What to work on:
Omitting all pictures, copy word for word the lines from the line containing "Grająco-tańcząco-śpiewający korowód w" through the final line of the entries.
(Data for the task begins)
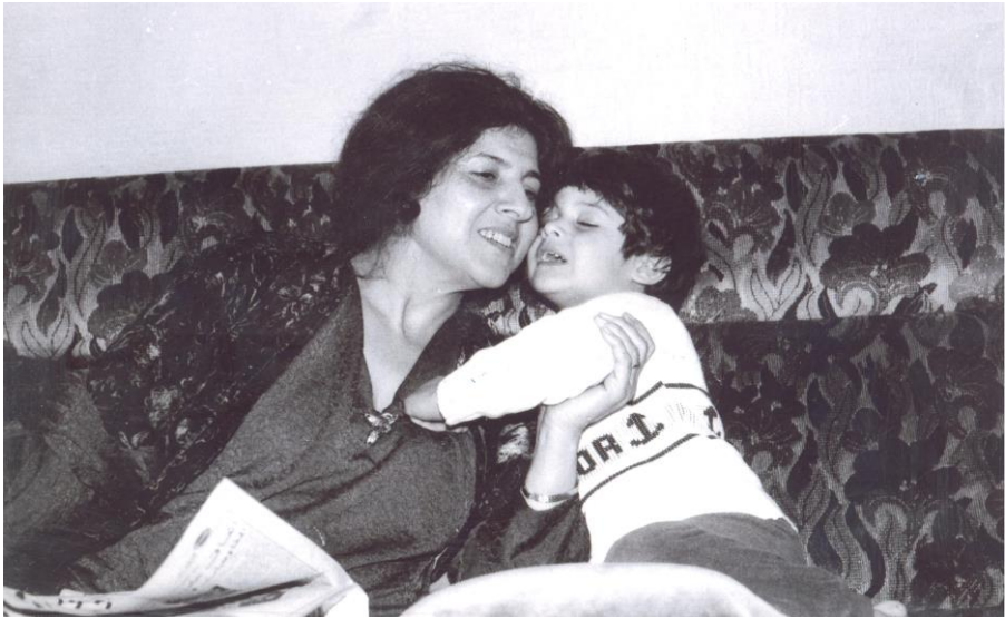
لهنده، ۱۹۸۱ / بۆتە، مایه لهنده، گه لاهه قه ناد
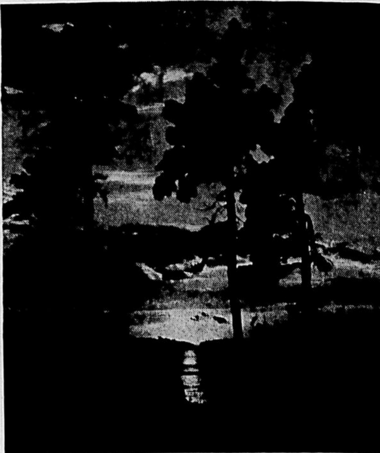
Les couchers de soleil sont une source inépuisable de bonnes photos.
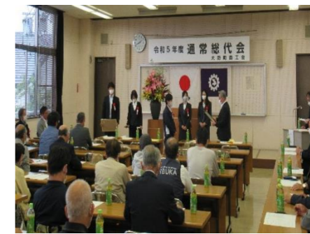
総代会・従業員永年勤続表彰 (5月)
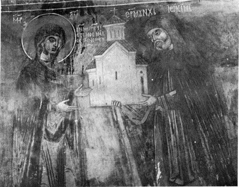
Сл. 1. — Јеромонах Јоаким ктитор ман. Пустиња подноси Богородици на дар своју задужбину са речима: „Прими Пречиста на дар моје мало приношение“.
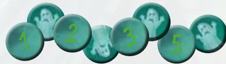
75 jetons « Spookies »

(30 x 1 point, 20 x 2 points, 15 x 3 points, 10 x 5 points)
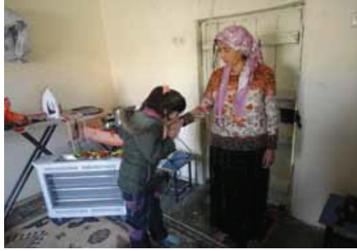
Resim 8: Çevrede yaşayan müslüman köylülerin çocukları Ezidi komşularının ellerini öperek, bayram harçlıklarını istemektedirler.
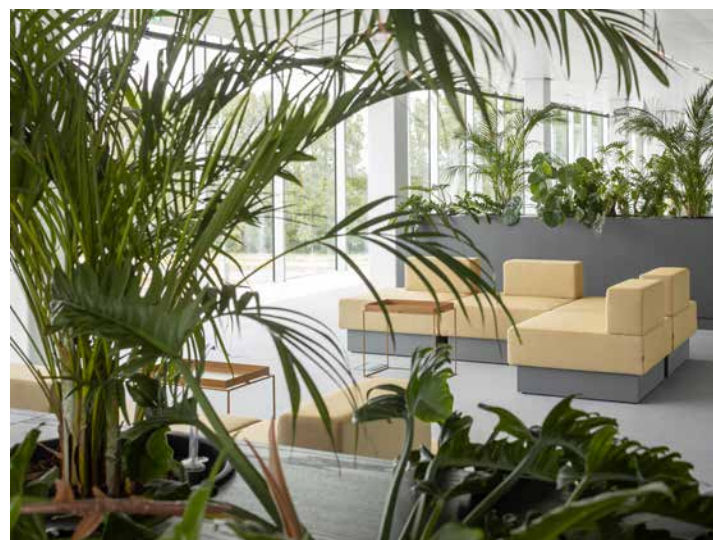
FOTO LINKSBOVEN Om op de kantoorvloeren dynamiek en concentratie te combineren is over de hele lengte van het gebouw een tweedeling gemaakt, met aan de ene zijde de werkzone en aan de andere kant de zone voor sociale interactie
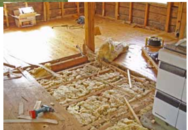
Láhkkejuvvon seakka fielluid sadjái láhttiide molsojuvvojedje málejuvvon govddit fiellut.
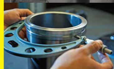
Ingeniería y diseño

IPD IS A GLOBAL MANUFACTURING AND DISTRIBUTION COMPANY PROVIDING QUALITY COMPONENTS FOR HEAVY-DUTY EQUIPMENT
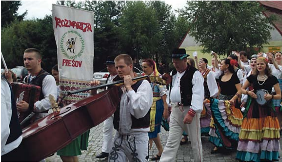
Grająco-tańcząco-śpiewający korowód w drodze do parku.

Tegoroczna 17 edycja festiwalu odbywała się pod tytułem „Kyczerka i jej goście dla Radwanic”. I rzeczywiście już przed południem festiwalowi artyści pojawili się w kilku miejscowościach gminy: Szkoła Podstawowa w Radwanicach gościła zespół „Deti Gór” z Osetii, w Buczynie prezentował się „Atarazu” z Kostaryki, do Sieroszowic przyjechał legnicki zespół „Kyczerka”, Kłębanowice gościły „Rozmarija”
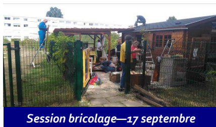
Session bricolage—17 septembre

- 1 « Vide-Local » qui a permis de collecter des fonds, grâce aux dons manuels de généreux sympathisants
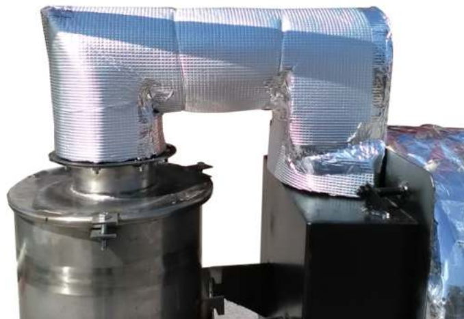
Καπναγωγός λέβητα - Συμπυκνωτή διαιρέτος
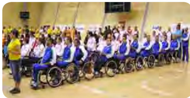
V ospredju ekipa Slovenije

Na prvenstvu, kjer je tekmovalo deset ekip, je prvo mesto osvojila Nizozemska, drugo Švica, tretje pa Bosna in Hercegovina. Poleg omenjenih ekip so
(Data for the task ends)
Result:
Grająco-tańcząco-śpiewający korowód w drodze do parku.

Tegoroczna 17 edycja festiwalu odbywała się pod tytułem „Kyczerka i jej goście dla Radwanic”. I rzeczywiście już przed południem festiwalowi artyści pojawili się w kilku miejscowościach gminy: Szkoła Podstawowa w Radwanicach gościła zespół „Deti Gór” z Osetii, w Buczynie prezentował się „Atarazu” z Kostaryki, do Sieroszowic przyjechał legnicki zespół „Kyczerka”, Kłębanowice gościły „Rozmarija”
Session bricolage—17 septembre

- 1 « Vide-Local » qui a permis de collecter des fonds, grâce aux dons manuels de généreux sympathisants
Καπναγωγός λέβητα - Συμπυκνωτή διαιρέτος
V ospredju ekipa Slovenije

Na prvenstvu, kjer je tekmovalo deset ekip, je prvo mesto osvojila Nizozemska, drugo Švica, tretje pa Bosna in Hercegovina. Poleg omenjenih ekip so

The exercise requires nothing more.